Module 3.5: Cluster API (CAPI)

Цей контент ще не доступний вашою мовою.

Toolkit Track | Complexity: [COMPLEX] | Time: ~50 minutes

It was 2 AM when the Slack alert fired: “Production cluster unreachable.” A platform engineer at a mid-sized fintech had been manually upgrading their 50 Kubernetes clusters, one kubeadm upgrade at a time. Cluster 37 got a botched etcd migration—wrong flags, no rollback plan. The blast radius? Payment processing for 200,000 users, down for four hours. The post-mortem was brutal: “We treat clusters like pets. We need cattle.” That team adopted Cluster API. They never had another manual upgrade incident.

Cluster API (CAPI) brings the declarative, reconciliation-driven model of Kubernetes to Kubernetes itself. You define your clusters as YAML, apply them to a management cluster, and CAPI handles provisioning, scaling, upgrading, and deleting workload clusters across any infrastructure—AWS, Azure, GCP, vSphere, bare metal, even Docker on your laptop.

What You’ll Learn:

  • CAPI architecture: management clusters, workload clusters, providers
  • Core resources: Cluster, Machine, MachineDeployment, MachineSet
  • ClusterClass for templated, repeatable cluster creation
  • Hands-on with Docker provider (CAPD) for local testing
  • Infrastructure provider landscape and GitOps integration

Prerequisites:


After completing this module, you will be able to:

  • Deploy Cluster API management clusters and provision target workload clusters declaratively
  • Configure infrastructure providers (AWS, Azure, vSphere) for automated Kubernetes cluster lifecycle
  • Implement cluster upgrades, scaling, and machine health checks using Cluster API resources
  • Evaluate Cluster API’s declarative approach against Terraform for Kubernetes cluster fleet management

Managing one Kubernetes cluster is hard enough. Managing 10 is a full-time job. Managing 50+ without automation is a recipe for outages, configuration drift, and burnout.

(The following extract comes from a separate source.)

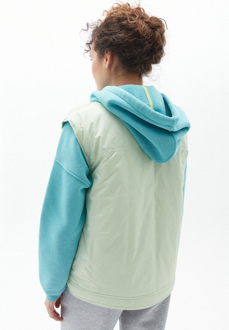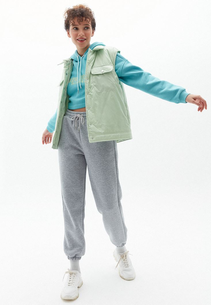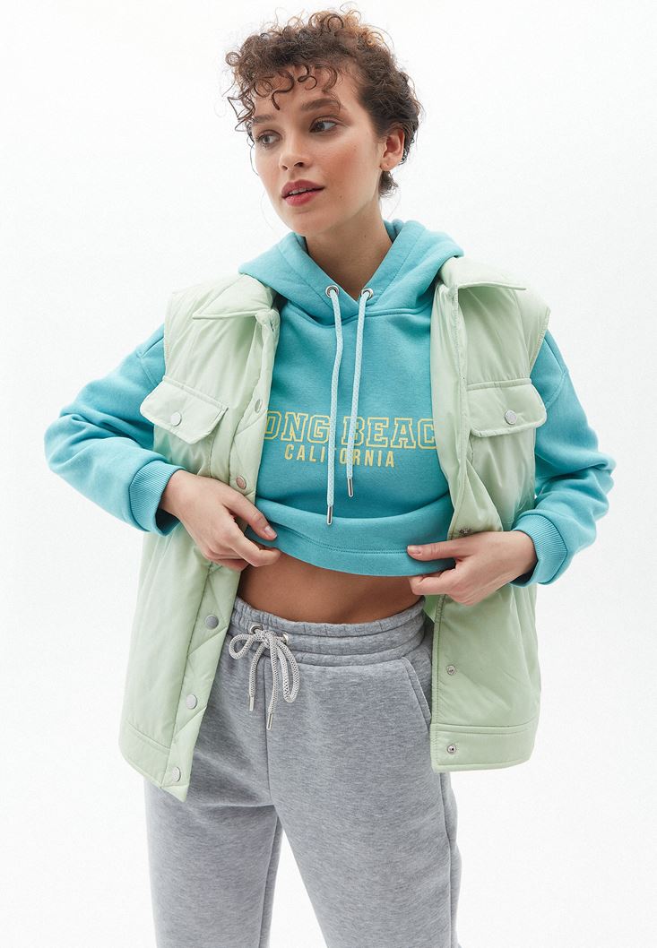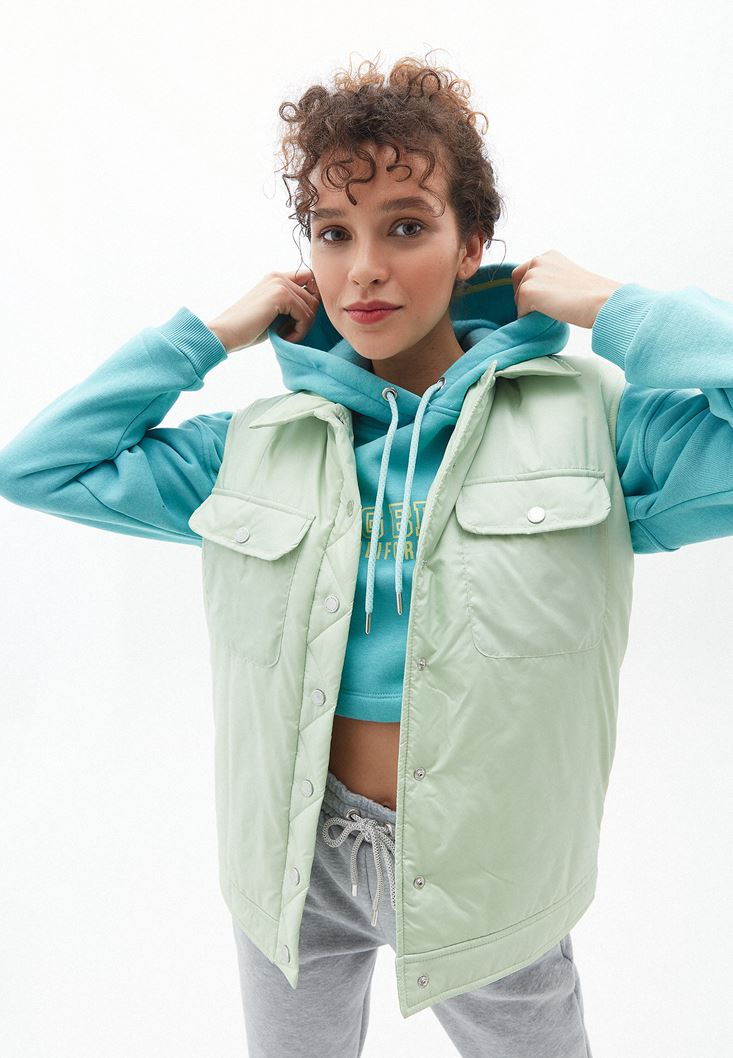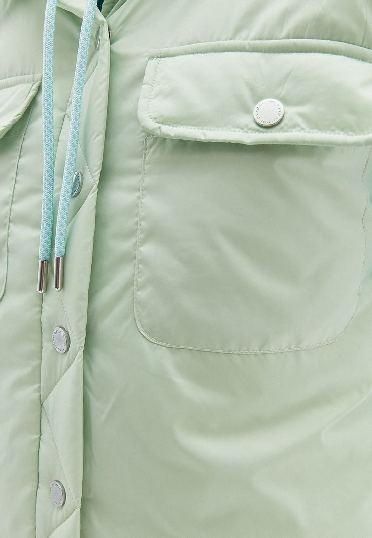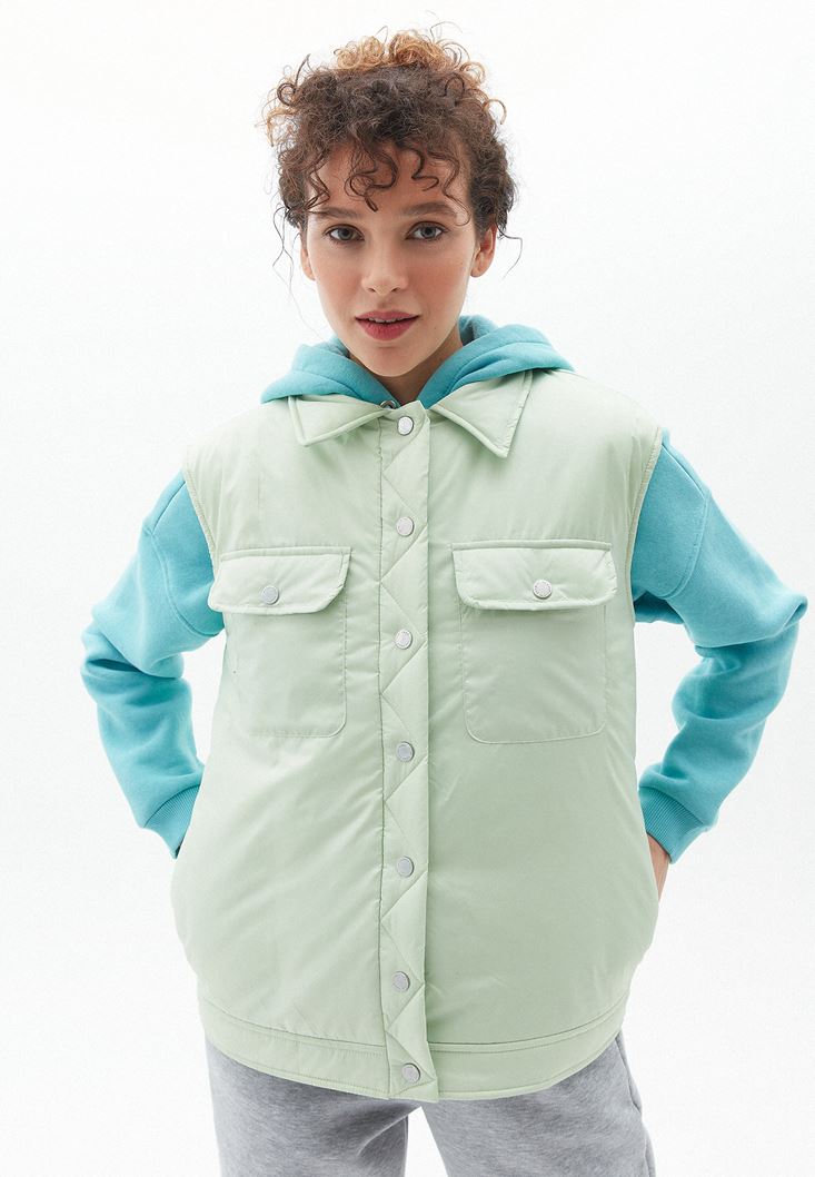Dolgulu puf doku, üst kısmında iki kapaklı cep, çıtçıt kapamalı,  oversize-fit, standart boy, alt kısmı iki cepli.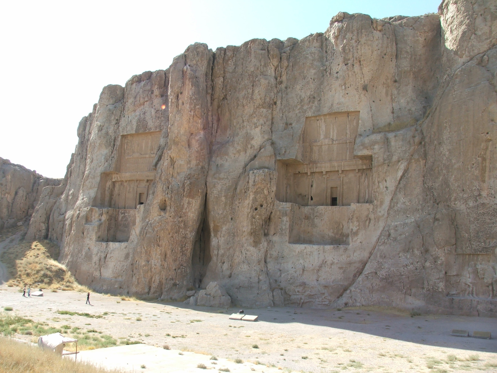 À cinq kilomètres de Persépolis, dans la province du Fars (Iran), la ceinture rocheuse de Naqsh-e Rostam abrite quatre tombes de rois achéménides qui ont régné sur l’Empire perse. Seule celle de Darius Ier (521-486 avant J.-C.) est attestée par une inscription. Les autres pourraient être destinées à Xerxès Ier et Artaxerxès Ier, ses descendants, et Darius II (424-404 avant J.-C.), ici à gauche. En forme de croix sculptée, chaque tombe offre une porte centrale qui débouche sur la chambre funéraire.

Cluster API treats clusters as disposable, reproducible infrastructure—the same way Deployments treat Pods. If a cluster drifts, reconcile it. If you need 20 more, declare them.

Did You Know?

  • Cluster API was started by the Kubernetes SIG Cluster Lifecycle team in 2018—the same group responsible for kubeadm. They saw teams reinventing cluster provisioning and wanted a universal, declarative solution.
  • CAPI manages over 15,000 production clusters at companies like Deutsche Telekom, Giantswarm, and SUSE. It is a graduated component of the Kubernetes ecosystem with providers for every major cloud and bare-metal platform.
  • The Docker provider (CAPD) creates real multi-node Kubernetes clusters using Docker containers as “machines.” This means you can test full cluster lifecycle operations—create, scale, upgrade, delete—on your laptop without spending a cent on cloud resources.
  • ClusterClass, introduced in CAPI v1beta1, lets you define a cluster “template” once and stamp out hundreds of consistent clusters. Think of it as a Helm chart, but for entire Kubernetes clusters.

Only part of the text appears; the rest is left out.